*Required action*: Set down each line of the data below exactly as it stands, dropping the pictures.
[[ Given information open ]]
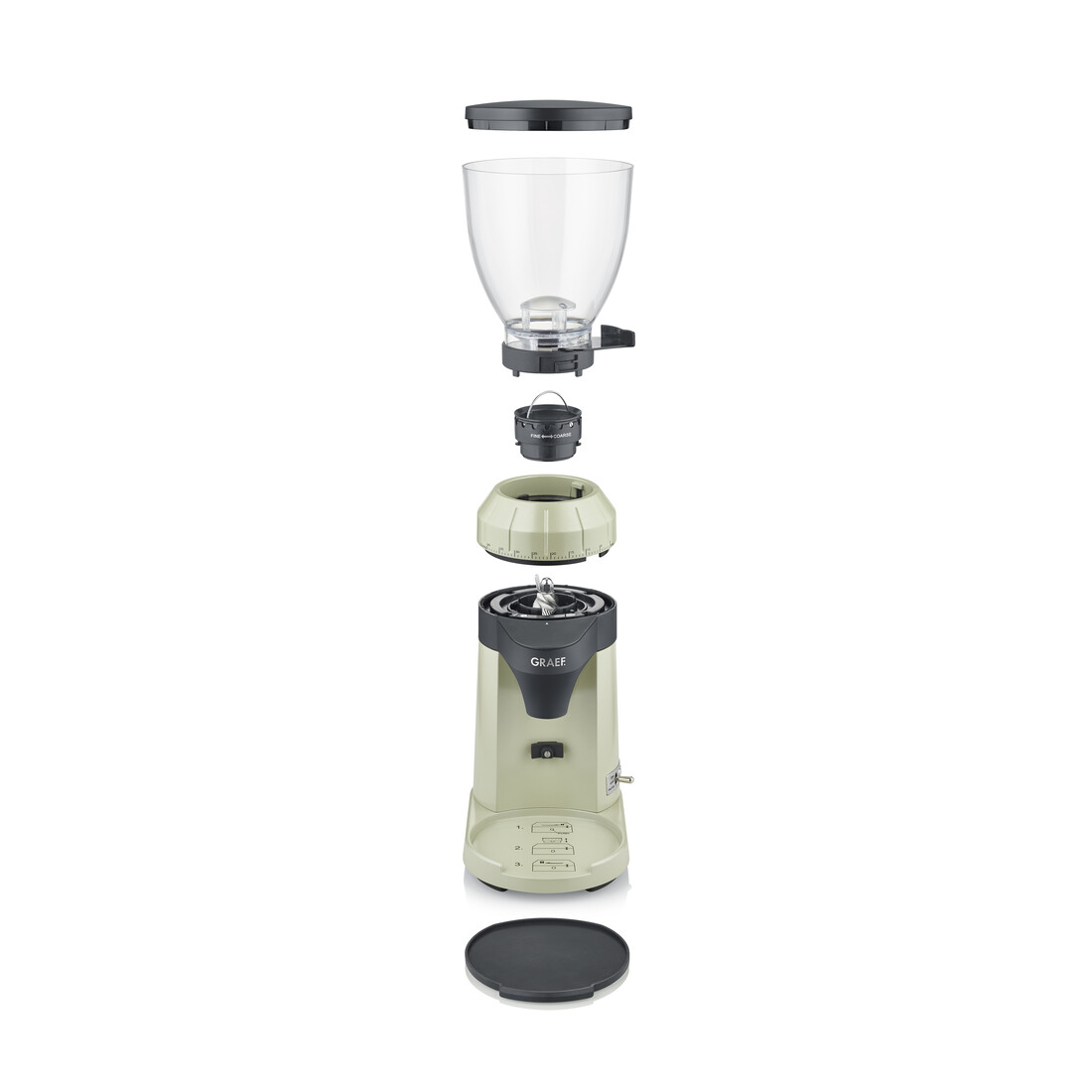 Met de Graef CM8007 koffiemolen haal je een krachtige en veelzijdige koffiemolen in huis die perfect is voor de echte koffieliefhebber. De molen beschikt over veertig instelbare maalstanden, van grof tot zeer fijn, zodat je altijd de juiste maling hebt voor jouw favoriete zetmethode. Dankzij het duurzame kegelvormige maalwerk en de langzaam draaiende motor blijven de aroma's van de koffiebonen behouden en voorkom je oververhitting. De ingebouwde ledverlichting bij de koffieuitloop zorgt voor goed zicht tijdens het malen. Je plaatst de piston eenvoudig in de houder en drukt hem tegen de machine aan, waarna de koffie direct in de piston valt.De CM8007 is voorzien van twee bonenreservoirs: een grote voor ongeveer 350 gram koffiebonen en een kleinere voor een enkele dagelijkse dosis van 75 gram. Zo maal je altijd precies genoeg voor verse koffie en voorkom je smaakverlies. De verbeterde antistatische eigenschappen zorgen ervoor dat de gemalen koffie netjes op zijn plaats blijft en je werkblad schoon blijft. De molen wordt compleet geleverd met een grote en een kleine pistonhouder, een bewaardoos met deksel voor gemalen koffie, een reinigingsborstel en een vultrechter. Dankzij de automatische maalfunctie voor pistons en de uitgebreide instelmogelijkheden is dit een ideale koffiemolen voor wie houdt van controle, gemak en kwaliteit.
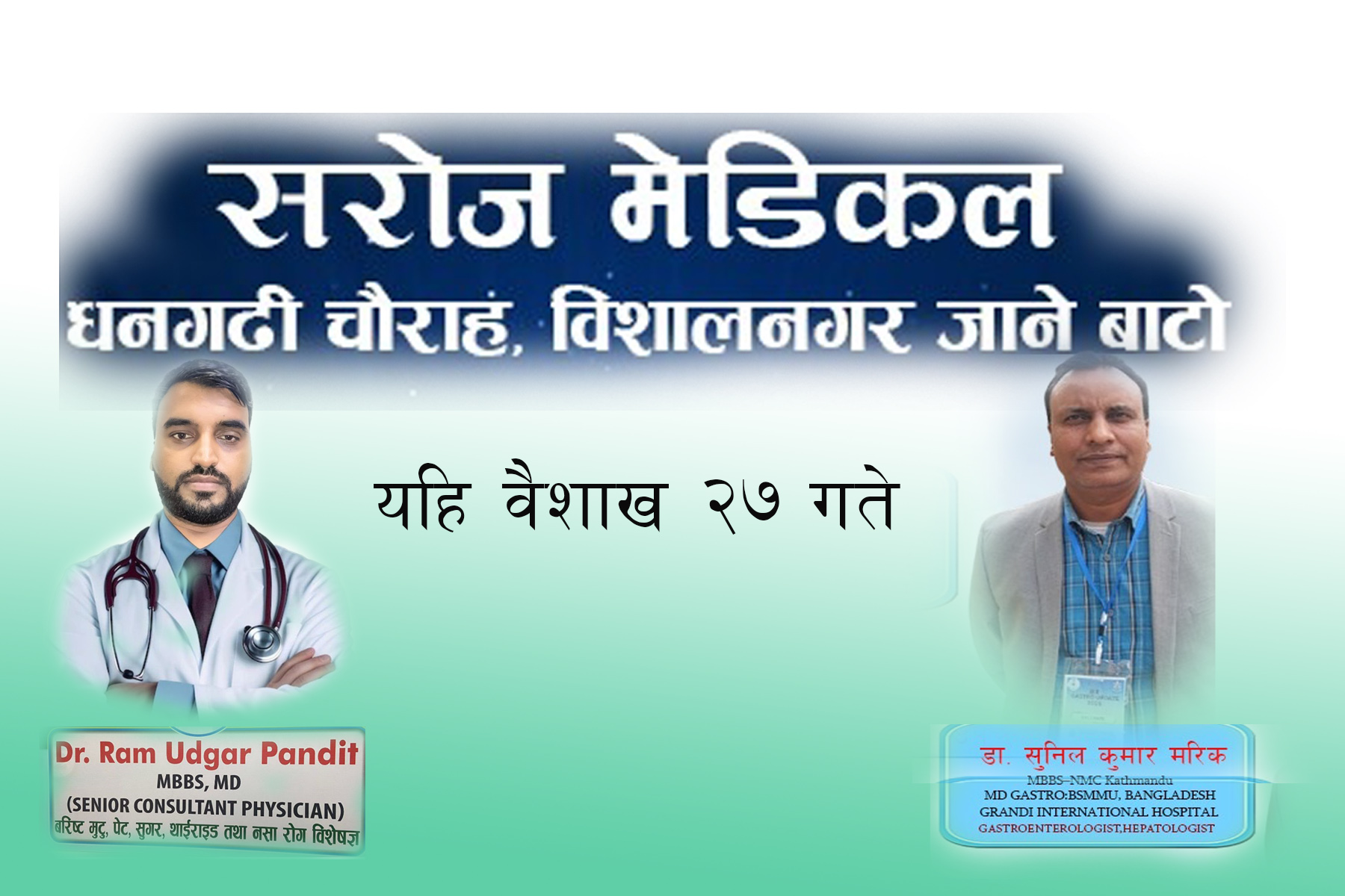 धनगढी, बैशाख २४ – धनगढी चौराहास्थित सरोज मेडिकलमा पुनः एकपटक पाचन रोग विशेषज्ञ सेवा उपलब्ध हुने भएको छ। ग्राण्डी इन्टरनेशनल हस्पिटल, काठमाडौंका पाचन रोग विशेषज्ञ डा. सुनिल कुमार मरिक यही बैशाख २७ गते पुनः सरोज मेडिकलमा सेवा दिन आउने भएका छन्।
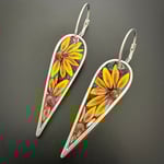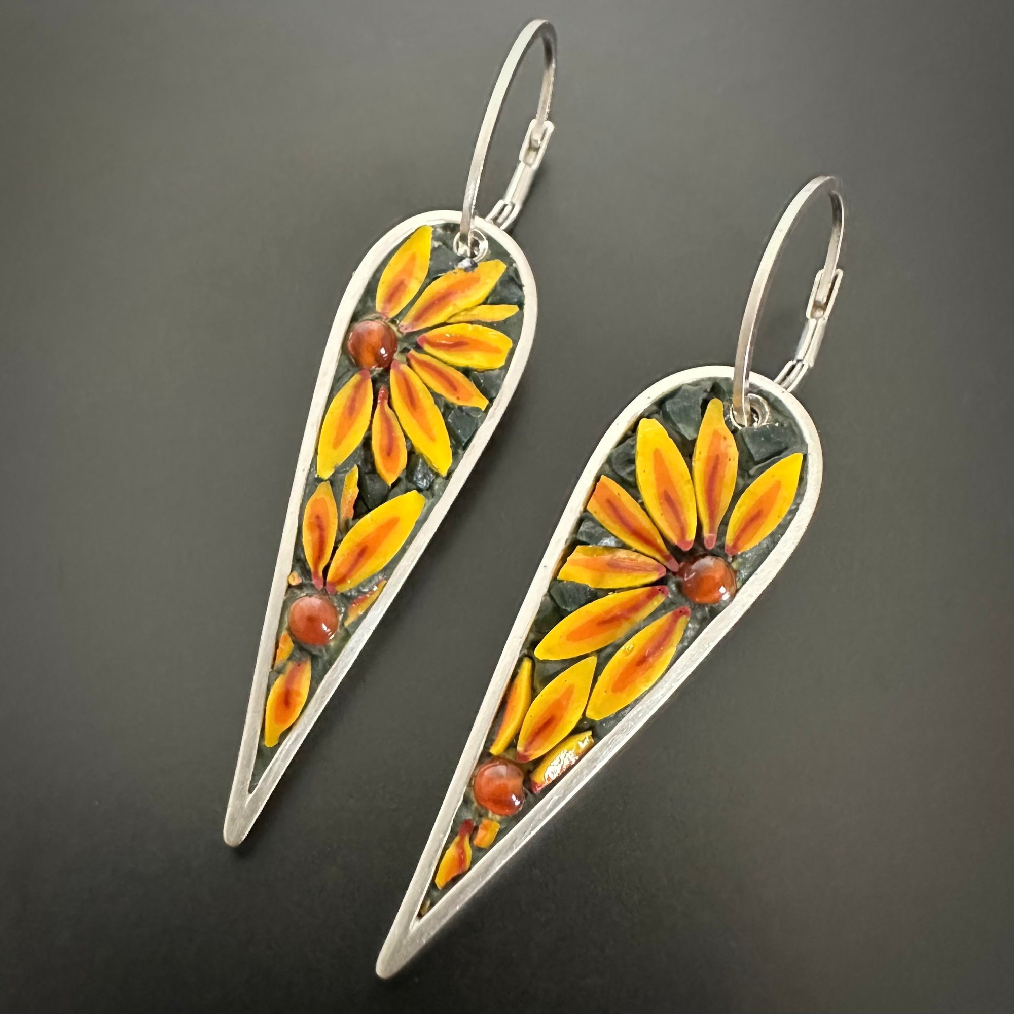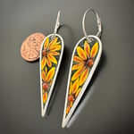 Long, skinny handcrafted, sterling silver leaf bezels filled with Italian glass and Carnelian. Sterling silver hoops. See Penny for scale.
[[ Given information closed ]]
*Result for this task*:
 Met de Graef CM8007 koffiemolen haal je een krachtige en veelzijdige koffiemolen in huis die perfect is voor de echte koffieliefhebber. De molen beschikt over veertig instelbare maalstanden, van grof tot zeer fijn, zodat je altijd de juiste maling hebt voor jouw favoriete zetmethode. Dankzij het duurzame kegelvormige maalwerk en de langzaam draaiende motor blijven de aroma's van de koffiebonen behouden en voorkom je oververhitting. De ingebouwde ledverlichting bij de koffieuitloop zorgt voor goed zicht tijdens het malen. Je plaatst de piston eenvoudig in de houder en drukt hem tegen de machine aan, waarna de koffie direct in de piston valt.De CM8007 is voorzien van twee bonenreservoirs: een grote voor ongeveer 350 gram koffiebonen en een kleinere voor een enkele dagelijkse dosis van 75 gram. Zo maal je altijd precies genoeg voor verse koffie en voorkom je smaakverlies. De verbeterde antistatische eigenschappen zorgen ervoor dat de gemalen koffie netjes op zijn plaats blijft en je werkblad schoon blijft. De molen wordt compleet geleverd met een grote en een kleine pistonhouder, een bewaardoos met deksel voor gemalen koffie, een reinigingsborstel en een vultrechter. Dankzij de automatische maalfunctie voor pistons en de uitgebreide instelmogelijkheden is dit een ideale koffiemolen voor wie houdt van controle, gemak en kwaliteit.
 धनगढी, बैशाख २४ – धनगढी चौराहास्थित सरोज मेडिकलमा पुनः एकपटक पाचन रोग विशेषज्ञ सेवा उपलब्ध हुने भएको छ। ग्राण्डी इन्टरनेशनल हस्पिटल, काठमाडौंका पाचन रोग विशेषज्ञ डा. सुनिल कुमार मरिक यही बैशाख २७ गते पुनः सरोज मेडिकलमा सेवा दिन आउने भएका छन्।
 Long, skinny handcrafted, sterling silver leaf bezels filled with Italian glass and Carnelian. Sterling silver hoops. See Penny for scale.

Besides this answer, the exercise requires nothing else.